• Provided material
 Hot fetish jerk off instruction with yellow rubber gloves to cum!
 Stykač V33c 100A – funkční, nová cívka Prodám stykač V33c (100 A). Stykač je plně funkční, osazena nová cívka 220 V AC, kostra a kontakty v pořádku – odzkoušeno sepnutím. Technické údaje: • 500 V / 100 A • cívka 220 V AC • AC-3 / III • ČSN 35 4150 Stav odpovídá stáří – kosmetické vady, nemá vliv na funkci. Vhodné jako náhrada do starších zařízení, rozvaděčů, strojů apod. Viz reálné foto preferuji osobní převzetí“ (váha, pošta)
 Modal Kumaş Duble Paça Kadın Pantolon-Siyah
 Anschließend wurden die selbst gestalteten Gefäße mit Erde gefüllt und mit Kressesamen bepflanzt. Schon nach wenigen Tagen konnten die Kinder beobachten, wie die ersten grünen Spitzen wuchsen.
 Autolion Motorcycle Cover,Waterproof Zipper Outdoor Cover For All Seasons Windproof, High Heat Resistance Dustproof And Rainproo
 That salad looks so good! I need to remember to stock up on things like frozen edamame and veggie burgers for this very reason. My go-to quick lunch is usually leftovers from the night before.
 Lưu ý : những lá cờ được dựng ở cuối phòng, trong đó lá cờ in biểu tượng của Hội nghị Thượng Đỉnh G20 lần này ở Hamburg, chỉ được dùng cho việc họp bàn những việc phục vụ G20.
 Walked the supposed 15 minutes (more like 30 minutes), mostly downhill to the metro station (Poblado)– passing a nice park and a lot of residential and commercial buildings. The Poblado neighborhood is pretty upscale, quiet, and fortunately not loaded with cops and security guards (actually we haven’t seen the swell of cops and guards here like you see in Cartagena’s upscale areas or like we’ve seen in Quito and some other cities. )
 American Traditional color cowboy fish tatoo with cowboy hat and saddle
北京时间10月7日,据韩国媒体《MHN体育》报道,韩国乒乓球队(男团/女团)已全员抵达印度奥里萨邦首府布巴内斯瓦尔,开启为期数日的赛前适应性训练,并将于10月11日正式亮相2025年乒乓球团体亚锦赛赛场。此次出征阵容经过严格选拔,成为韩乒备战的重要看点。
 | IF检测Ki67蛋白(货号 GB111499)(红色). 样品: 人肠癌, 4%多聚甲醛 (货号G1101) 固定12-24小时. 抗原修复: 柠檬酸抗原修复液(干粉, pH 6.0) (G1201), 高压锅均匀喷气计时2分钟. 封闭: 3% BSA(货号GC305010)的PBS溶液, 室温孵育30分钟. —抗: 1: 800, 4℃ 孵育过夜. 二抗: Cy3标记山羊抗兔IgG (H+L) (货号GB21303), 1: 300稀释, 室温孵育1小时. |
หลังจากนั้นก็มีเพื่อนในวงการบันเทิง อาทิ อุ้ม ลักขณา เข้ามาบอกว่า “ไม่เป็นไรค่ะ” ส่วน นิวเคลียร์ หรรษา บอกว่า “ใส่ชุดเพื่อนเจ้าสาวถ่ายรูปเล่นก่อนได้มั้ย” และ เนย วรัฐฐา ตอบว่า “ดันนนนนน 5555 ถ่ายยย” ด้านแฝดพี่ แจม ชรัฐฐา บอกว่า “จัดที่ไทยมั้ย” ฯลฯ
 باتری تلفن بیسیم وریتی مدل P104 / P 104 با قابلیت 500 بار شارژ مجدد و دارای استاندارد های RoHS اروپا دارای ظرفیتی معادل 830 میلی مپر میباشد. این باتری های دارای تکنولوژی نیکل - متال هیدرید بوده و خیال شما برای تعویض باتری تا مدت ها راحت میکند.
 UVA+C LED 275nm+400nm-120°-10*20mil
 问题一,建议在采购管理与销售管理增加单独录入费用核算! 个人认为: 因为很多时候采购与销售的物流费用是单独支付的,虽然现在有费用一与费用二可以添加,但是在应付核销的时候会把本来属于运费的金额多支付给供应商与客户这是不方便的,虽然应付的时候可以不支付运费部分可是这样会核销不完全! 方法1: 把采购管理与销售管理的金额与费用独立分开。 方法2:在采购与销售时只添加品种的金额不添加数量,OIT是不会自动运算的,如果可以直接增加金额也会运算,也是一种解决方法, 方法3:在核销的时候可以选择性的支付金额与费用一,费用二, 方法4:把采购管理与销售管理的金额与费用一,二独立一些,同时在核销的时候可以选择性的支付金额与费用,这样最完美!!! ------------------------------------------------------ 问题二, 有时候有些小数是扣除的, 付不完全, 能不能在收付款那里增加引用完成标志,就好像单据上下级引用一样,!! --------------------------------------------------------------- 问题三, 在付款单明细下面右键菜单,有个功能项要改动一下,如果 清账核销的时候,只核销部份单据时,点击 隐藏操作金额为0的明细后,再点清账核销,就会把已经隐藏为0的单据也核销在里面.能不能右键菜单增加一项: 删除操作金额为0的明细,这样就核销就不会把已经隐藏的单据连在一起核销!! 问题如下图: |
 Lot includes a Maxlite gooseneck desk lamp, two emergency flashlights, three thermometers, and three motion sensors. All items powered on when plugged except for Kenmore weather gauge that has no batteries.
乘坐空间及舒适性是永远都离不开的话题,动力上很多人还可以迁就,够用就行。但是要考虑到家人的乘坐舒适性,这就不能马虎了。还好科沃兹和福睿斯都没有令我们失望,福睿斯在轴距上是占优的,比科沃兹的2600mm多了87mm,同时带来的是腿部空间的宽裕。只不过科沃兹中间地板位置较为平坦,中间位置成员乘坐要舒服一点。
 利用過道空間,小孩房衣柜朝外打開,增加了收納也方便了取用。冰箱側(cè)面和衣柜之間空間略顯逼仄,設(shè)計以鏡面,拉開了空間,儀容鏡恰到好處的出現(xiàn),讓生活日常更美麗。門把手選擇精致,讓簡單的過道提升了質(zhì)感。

• What is required
Beginning at the opening line of the data, transcribe each line exactly until you reach the line with "Stykač V33c 100A", which you also include, and go no further.

• Response area
 Hot fetish jerk off instruction with yellow rubber gloves to cum!
 Stykač V33c 100A – funkční, nová cívka Prodám stykač V33c (100 A). Stykač je plně funkční, osazena nová cívka 220 V AC, kostra a kontakty v pořádku – odzkoušeno sepnutím. Technické údaje: • 500 V / 100 A • cívka 220 V AC • AC-3 / III • ČSN 35 4150 Stav odpovídá stáří – kosmetické vady, nemá vliv na funkci. Vhodné jako náhrada do starších zařízení, rozvaděčů, strojů apod. Viz reálné foto preferuji osobní převzetí“ (váha, pošta)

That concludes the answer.